■ **WHAT YOU SHOULD DO**
Reproduce only the lines that begin at the line with "Blossomed Black (+10%)" and run to the end of the entries; omit every picture.

++++ DATA PROVIDED ++++

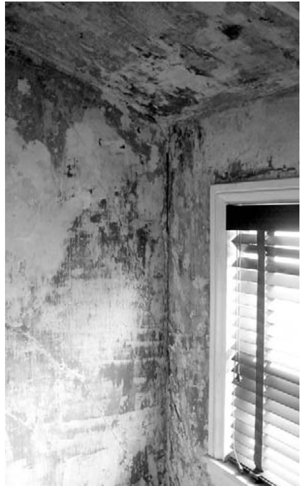
Figure 4 and 5: Interior Views of the Poe House, 2004.
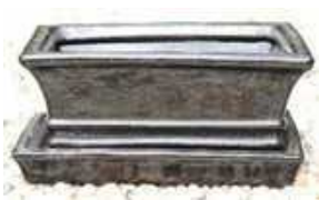
Blossomed Black (+10%)

Besides the below available colors, more color choices can be made from the attached Color Chart
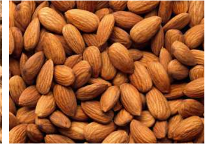
Almond (WHOLE & SLICE)
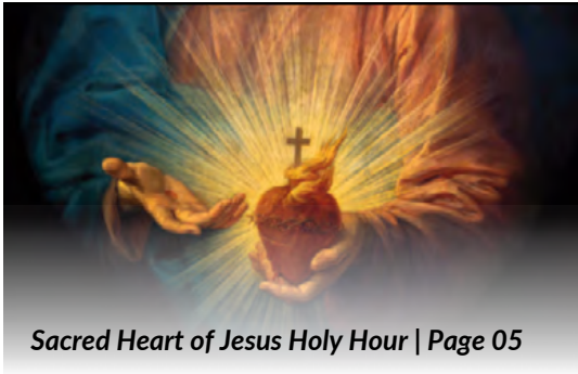
Sacred Heart of Jesus Holy Hour | Page 05
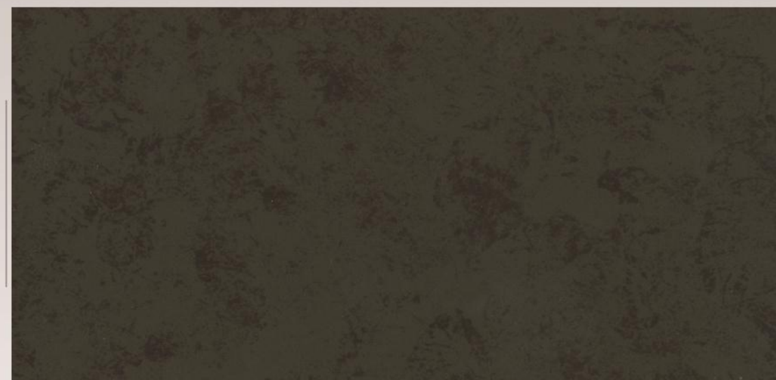
Powder Coating: 9B-058-A004 + Heat Transfer Film: 6052/01
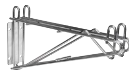
RL613 Double Shelf Support

++++

■ **RESPONSE TO THIS TASK**
Blossomed Black (+10%)

Besides the below available colors, more color choices can be made from the attached Color Chart
Almond (WHOLE & SLICE)
Sacred Heart of Jesus Holy Hour | Page 05
Powder Coating: 9B-058-A004 + Heat Transfer Film: 6052/01
RL613 Double Shelf Support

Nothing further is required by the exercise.